§ Data section
* * * * * * * * *
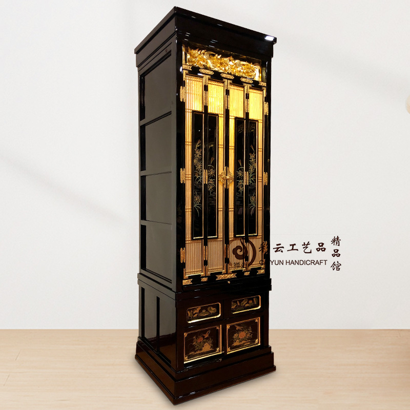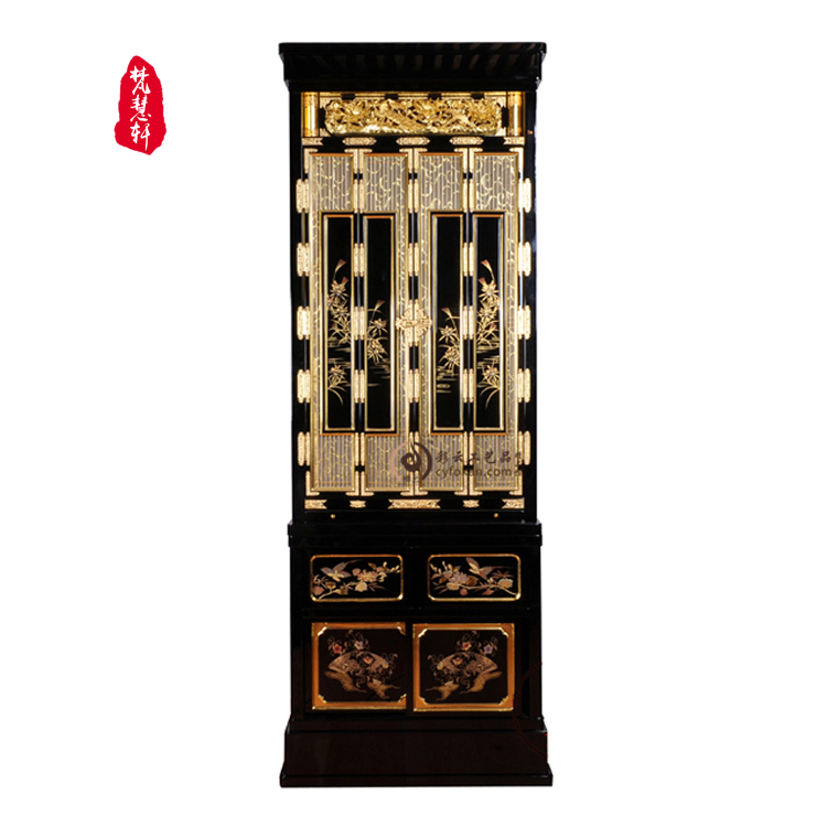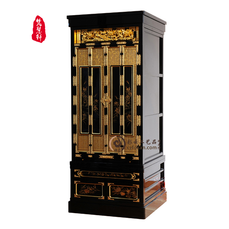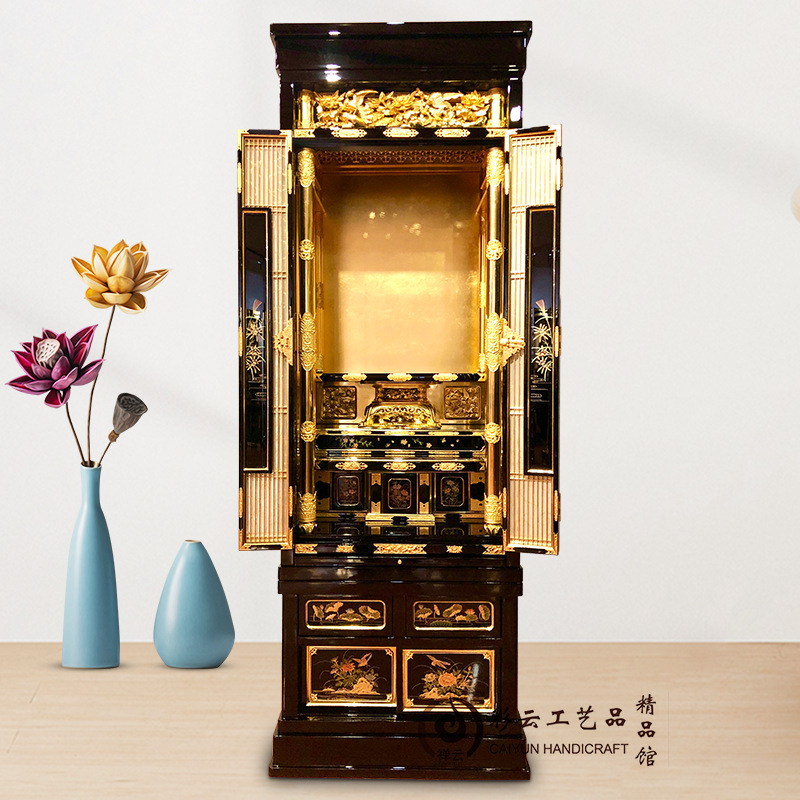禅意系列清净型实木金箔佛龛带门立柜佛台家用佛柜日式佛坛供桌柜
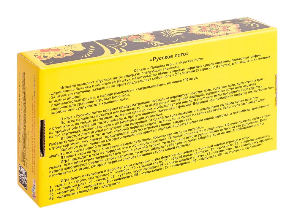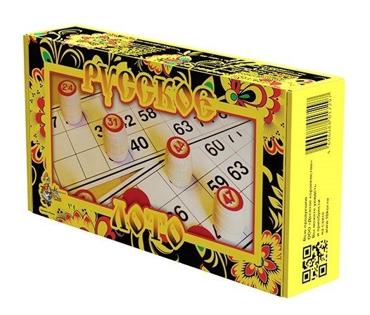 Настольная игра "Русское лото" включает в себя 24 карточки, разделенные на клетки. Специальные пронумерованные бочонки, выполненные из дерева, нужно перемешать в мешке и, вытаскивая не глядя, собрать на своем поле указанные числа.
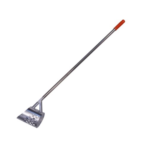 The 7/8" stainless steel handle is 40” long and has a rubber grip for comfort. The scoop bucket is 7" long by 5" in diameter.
* * * * * * * * *
§ To do
The pictures alone are to be left out when the data above is copied; all else must match exactly.

§ Result
禅意系列清净型实木金箔佛龛带门立柜佛台家用佛柜日式佛坛供桌柜
 Настольная игра "Русское лото" включает в себя 24 карточки, разделенные на клетки. Специальные пронумерованные бочонки, выполненные из дерева, нужно перемешать в мешке и, вытаскивая не глядя, собрать на своем поле указанные числа.
 The 7/8" stainless steel handle is 40” long and has a rubber grip for comfort. The scoop bucket is 7" long by 5" in diameter.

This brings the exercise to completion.